Description of individual adverse reactions
The risk of anorexia increases with the joint use of tonyramate and levetiracetam. Several cases of alopecia have been observed (in several cases, after the removal of levetiracetam, recovery was noted).
Use in the pediatric population
In total levetiracetam treatment, 190 patients aged 1 month to 4 years were received in placebo-controlled studies and in open-label advanced studies.Sixty (60) of these patients were treated with levetiracetam in placebo-controlled studies. In total levetiracetam treatment, 645 patients aged 4 to 16 years were received in placebo-controlled studies and in open-label advanced studies. 233 of these patients were treated with levetiracetam in placebo-controlled studies. In the data of both pediatric age groups, this data was supplemented by the experience of post-marketing application of levetiracetam.
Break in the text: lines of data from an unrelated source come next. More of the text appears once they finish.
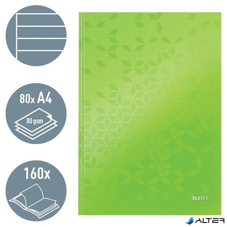 Beíró, A4, vonalas, 80 lap, keményfedeles, LEITZ 'Wow', zöld
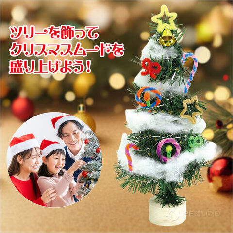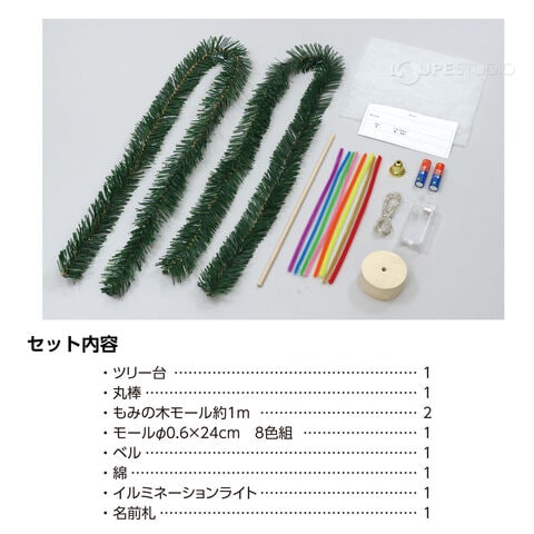 | セット部品 | もみの木モール(約1m)×2、モール(約φ0.6×24cm)8色組×1、ベル×1、ツリー台×1、丸棒×1、綿×1、イルミネーションライト×1 |
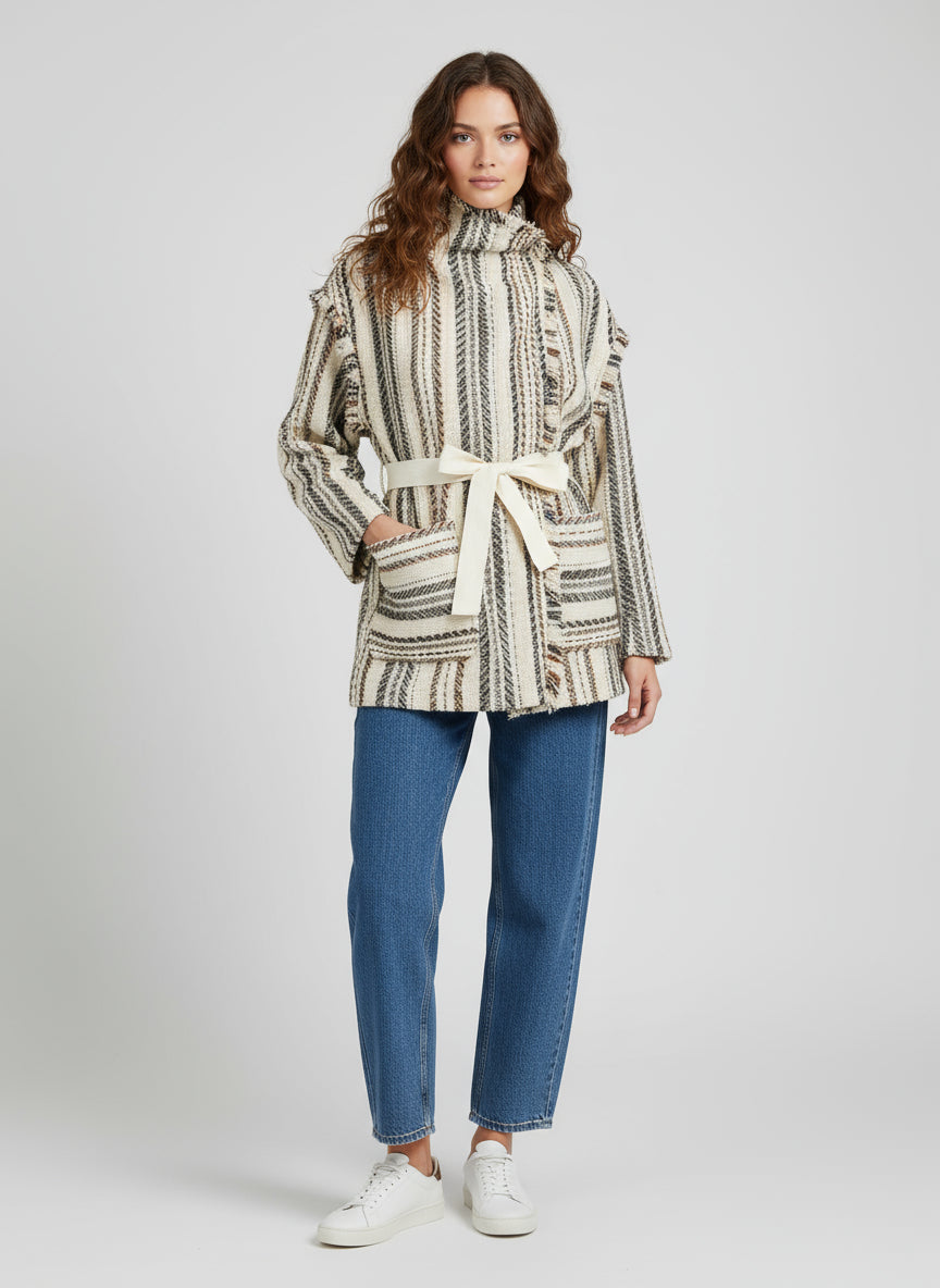 Marant Étoile's Illisa Belted Jacket blends bohemian charm with refined sophistication. Crafted from a tweed blend of cotton and wool, it features earth-toned stripes woven with artistic detail. The relaxed fit, dropped shoulder seams, and patch pockets enhance its effortless appeal, while fringed edges add a subtle touch of texture. This jacket offers a graceful balance of comfort and style for a polished, yet laid-back look.
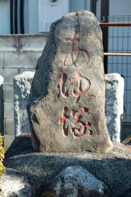 鳥居をくぐろうと進むと、左手の「あゆ塚」に目がとまります。1716年(享保年間)ごろから浅川でとれた鮎を幕府へ献上していたそうで、その鮎の霊を慰めるために建てられた塚だそうです。地域の歴史を感じますね。
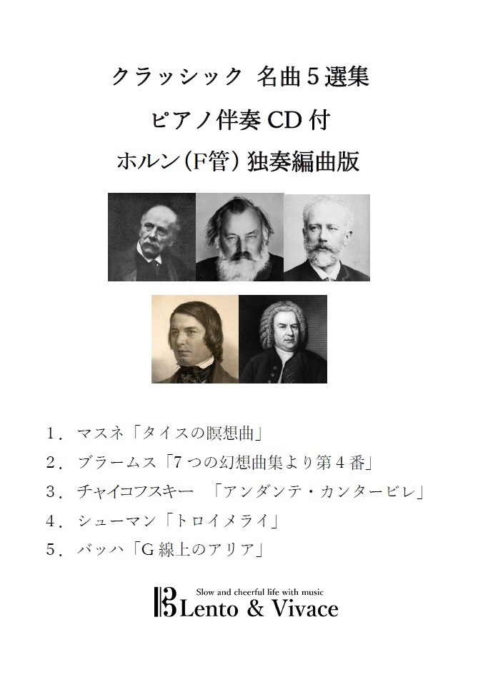 クラシックの名曲5曲を器楽独奏用に編曲しています。ピアノ伴奏CD付ですので、再生機があれば、いつでもどこでも一人で演奏を楽しめます。伴奏音源には、ガイドとなるメロディやクリック音は入っていませんので、発表会などでもご利用いただけます。そのため、演奏のし易いようにピアノ伴奏に原曲にはない前奏や一部ガイドとなる音を加えるなど編曲をしています。レント&ヴィヴァーチェは楽譜PDFと伴奏MP3データをセットにしてダウンロード販売しているサイトです。Yahooショッピングでは、楽譜を印刷し音楽データをCDに焼いて郵送販売をしています。(1)独奏用楽譜、(2)伴奏用楽譜、(3)伴奏CD をお送りいたします。ホームページではデモ演奏もお聞きいただけます。 曲目 1.マスネ「タイスの瞑想曲」 2.ブラームス「7つの幻想曲集より4番インターメッツォ」 3.チャイコフスキー「アンダンテ・カンタービレ」 4.シューマン「トロイメライ」 12.バッハ「G線上のアリア」 レント&ヴィヴァーチェのホームページでは、デモンストレーション演奏をご覧いただけ、他の曲目のダウンロード販売も行っています。

The profile of undesirable phenomena of levetiracetam, as a rule, is similar in all age groups and when applied for all approved indications for epilepsy. The safety results for children in placebo-controlled studies were consistent with the safety profile of levetiracetam in adults, with the exception of behavioral changes and psychiatric adverse events observed more frequently in children than in adults. Vomiting (very often, 11.2%), excitation (often, 3.4%), mood changes (often, 2.1%), affective lability (often, 1, 7%), aggressiveness (often, 8.2%).behavioral disorders (often 5.6%) and drowsiness (often, 3.9%) were recorded more frequently than in other age groups or in the general safety profile. In infants and children aged 1 month to 4 years, irritability (very often 11.7%) and impaired coordination (often, 3.3%) were recorded more frequently than in other age groups or in the general safety profile.
A double-blind, placebo-controlled safety study in children, designed to demonstrate no less efficacy, evaluated the cognitive and neuropsychological effects of levetiracetam in children with partial convulsive seizures aged 4 to 16 years. In this study, it was concluded that levetiracetam does not differ (nc in effectiveness) placebo with respect to the change in the complex index of attention screening and associative memory on the Leiter-R scale from the baseline in the population who completed treatment according to the protocol. Results related to behavioral and emotional functioning showed worsening in patients treated with levetiracetam for aggressive behavior when measured using a standardized and systematic method using validated tools (Achenbach's Children's Behavioral Questionnaire (CBCL)).
However, patients who received levetiracetam in long-term outdoor observational study, an average of no marked deterioration in behavioral and emotional functioning, in particular when measured aggressive behavior deterioration was not observed from the initial level.